SFP also provides a real asset to the subjects of the episodes: psychological counseling throughout the process of emptying out their houses, as well as ongoing therapy after the production team leaves the set. “This is a very tough, embarrassing situation for [the hoarders],” says Klasey, “and the fact that they are reaching out to get help and improve their lives in a very public way is admirable.” Adds Chan, “We always make sure the budget allows us to do it right.”

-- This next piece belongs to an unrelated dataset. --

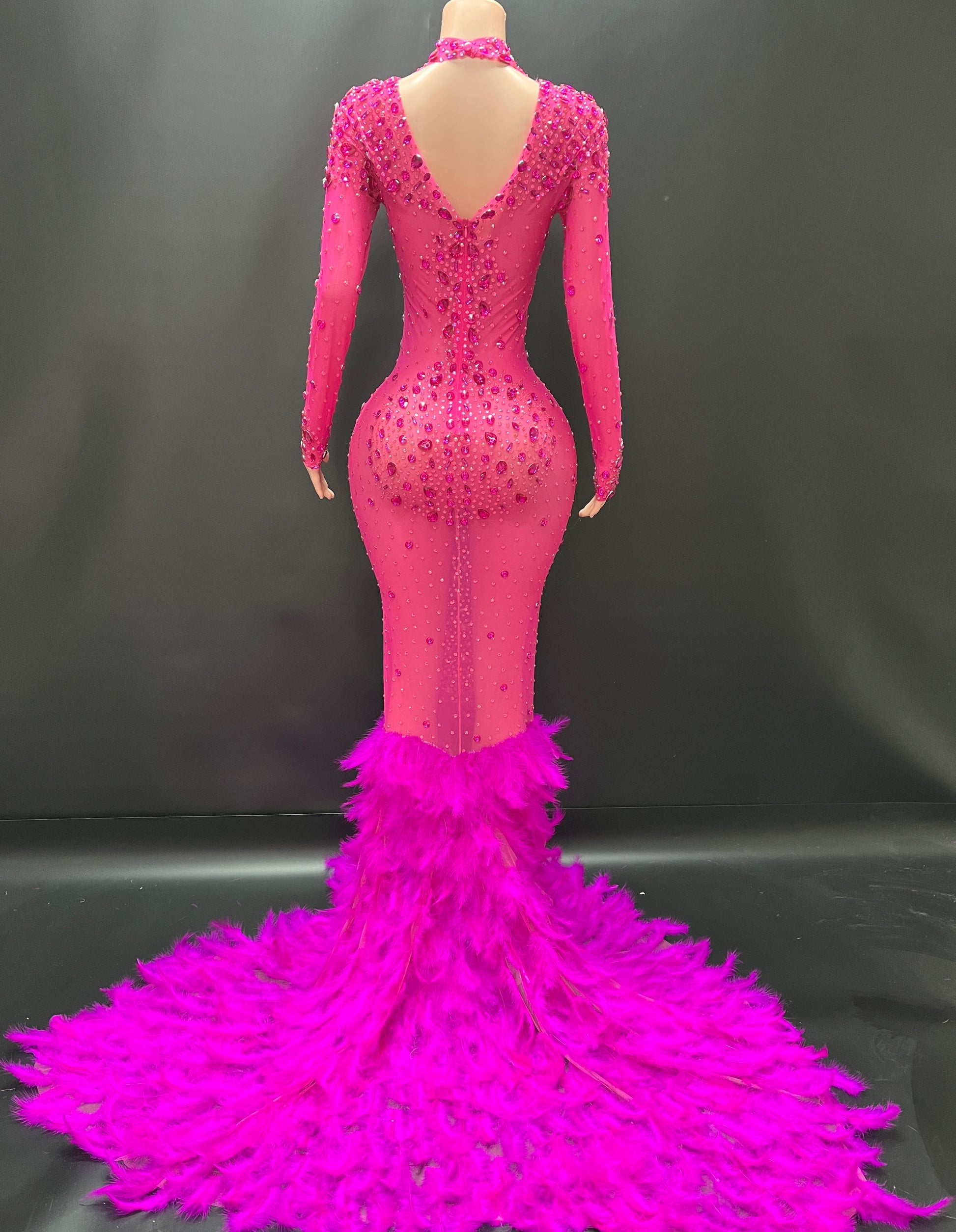 Unleash your inner diva in the fuchsia feather gown, this shows up in masterpiece features a body hugging, silhouette adorn with Dalyn hot pink gemstones cascading into a luxury, feathered, mermaid train bold glamorous, and unforgettable discount is made for Queens, who demand the Spotlight at Gala red carpet, birthdays, or Any, high end events

Hoarders has been such a success that SFP has plans for a spinoff, tentatively titled Extreme Clean, which Chan says will be a lighter show. “It’s kind of Jackass meets Clean Your House,” he says. It follows young guys who do distressed-house cleanup because they are basically otherwise unemployable. Also in the works, a show on A&E called $100 Makeover and five profiles for Biography.

Meanwhile, Hoarders continues to thrive, and SFP hunts for more stories. “The holy grail for us are hoarders under the age of 30,” Chan says, explaining that the hoarder demographic tends toward older people. “We also strive for diversity….But Asians are tough to find,” he admits, possibly because of the cultural emphasis on not “losing face” or bringing shame to the family. Presented with the prospect of finding an Asian hoarder under 30, Chan says, with unabashed excitement, “That would be like finding a unicorn.”